Currents Of Active Power Filter Research Articles

Decoupled Control of an Active Power Filter in a Vibrating Reference Frame

Abstract Active power filter (APF) control is a natural area of application for vibrating reference frame (VRF) transformation due to the intentional occurrence of higher harmonics in the active filter current compensating load current harmonics. Due to the vibrating frame transformation, the APF current can be represented by the DC values, and thus proportional-integral (PI) controllers are sufficient to control the converter current. However, in the typical approach, it may be impossible to combine harmonic filtration with reactive power compensation features, due to the transformation constraints. The solution to this issue is decoupling of the fundamental harmonic and high harmonic components and a separate control for each of them. This paper presents a decoupled control system of an APF, which uses VRF transformation for accurate control of high-current harmonics. Decoupling is a groundbreaking improvement of the VRF method. Moreover, different current limitation scenarios are proposed, considering both harmonics compensation and fundamental frequency reactive current compensation. Theoretical considerations are supported by simulation and experimental tests.

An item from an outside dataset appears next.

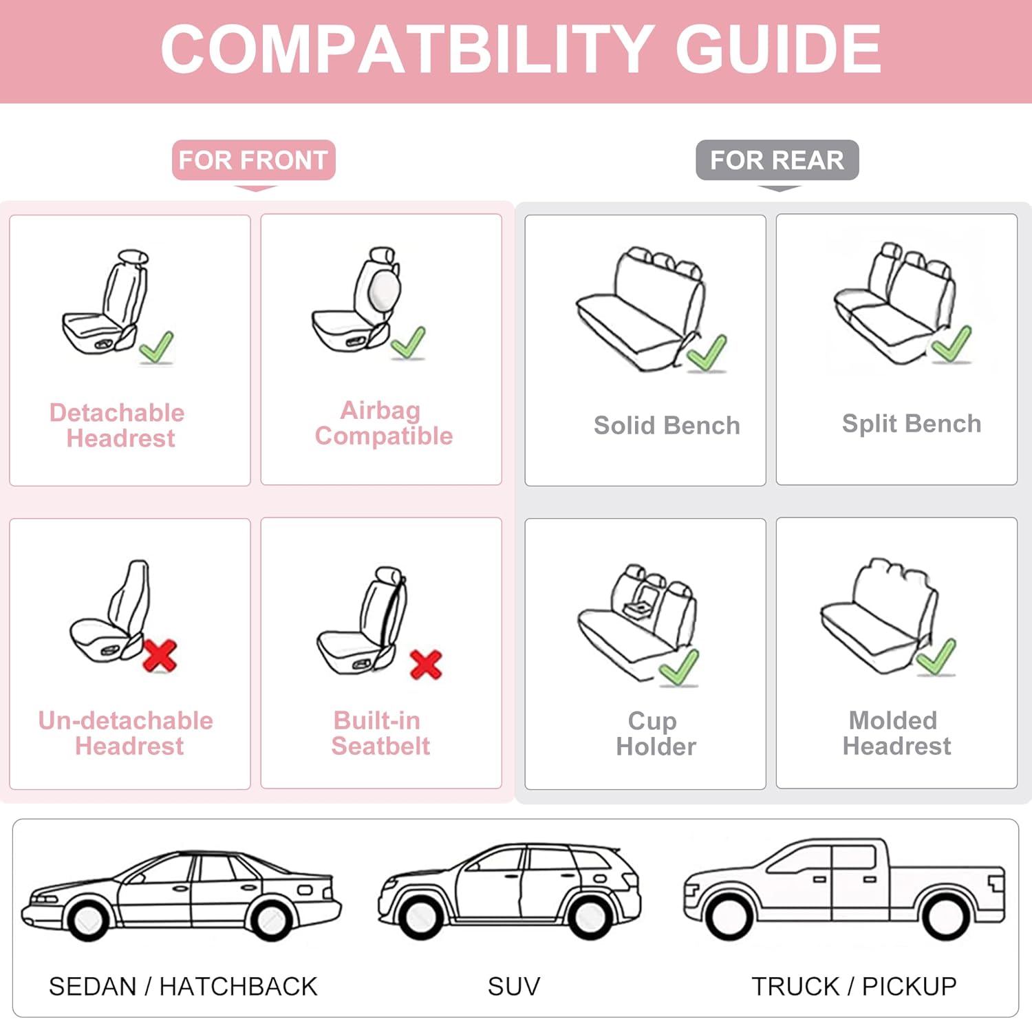 - Easy to Install: Each pack comes with full-set car seat covers (front and rear seat covers), a hardware bag of hooks and chucks, and an installation manual. Designed to fit 50/50, 40/60, and 60/40 split rear benches. Please confirm the width of the rear seats is less than 56 inches before purchase

An Improved Adaptive Neural Network Detecting Approach to Harmonic Currents with Changeable Learning Parameters

Using the adaptive noise canceling technology, this paper proposes a new detecting approach to harmonics and reactive currents based on neural networks with changeable learning parameters. The structure of this neural network and the adaptive weights adjusting algorithm are presented. The contradiction of the detecting speed and the precision has been settled preferably. The proposed detecting approach can be used for detecting the harmonics and the reactive currents of active power filters. The results of the theoretical analysis and computer simulation confirm the validity of the approach.

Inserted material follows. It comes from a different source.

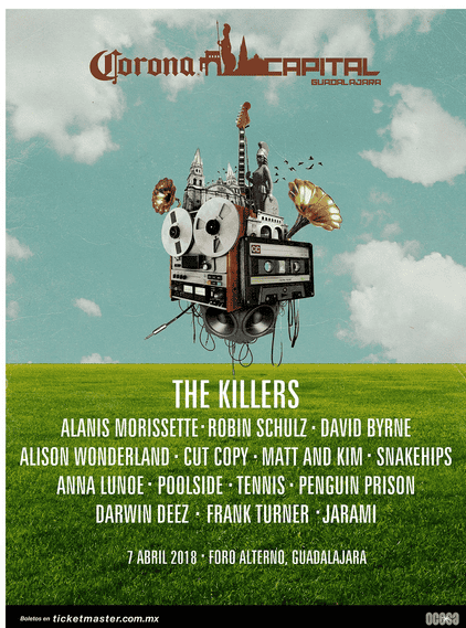 Al son del mariachi fue revelado el cartel de la primera edición tapatía del Corona Capital Guadalajara mismo que será encabezado por The Killers y Alanis Morissette.El cartel lo complementan Robin Schulz, David Byrne, Alison Wonderland, Cut Copy, Matt And Kim y más.El festival será el 7 de abril en el Foro Alterno y tendrá preventa 11 y 12 de diciembre con Citibanamex.Se trata de la primera vez que un Corona Capital se realiza fuera de la CDMX, mismo que desde el 2010 se ha realizado en el Autódromo Hermanos Rodríguez.También LEE Green Day, un espectáculo que regresó a México tras 13 años gracias al Corona Capital

Unified constant-frequency integration control of active power filters-steady-state and dynamics

An active power filter (APF) is a device that is connected in parallel to and cancels the reactive and harmonic currents from a group of nonlinear loads so that the resulting total current drawn from the AC mains is sinusoidal. This paper presents a unified constant-frequency integration (UCI) APF control method based on one-cycle control. This method employs an integrator with reset as its core component to control the pulse width of an AC-DC converter so that its current draw is precisely opposite to the reactive and harmonic current draw of the nonlinear loads. In contrast to previously proposed methods, there is no need to generate a current reference for the control of the converter current, thus no need for a multiplier and no need to sense the AC line voltage, the APF current, or the nonlinear load current. Only one AC current sensor is used to sense the AC main current and one DC voltage sensor is used to sense the DC capacitor voltage. The control method features constant switching frequency operation, minimum reactive and harmonic current generation, and simple analog circuitry. It provides a low cost and high performance solution for power quality control. Steady-state and dynamic study is presented in this paper. Design example is given using a two-level AC-DC boost topology. A prototype was developed to demonstrate the performance of the proposed APF. This control method is generalized to control a family of converters that are suitable for APF applications. All findings are supported by experiments and simulation.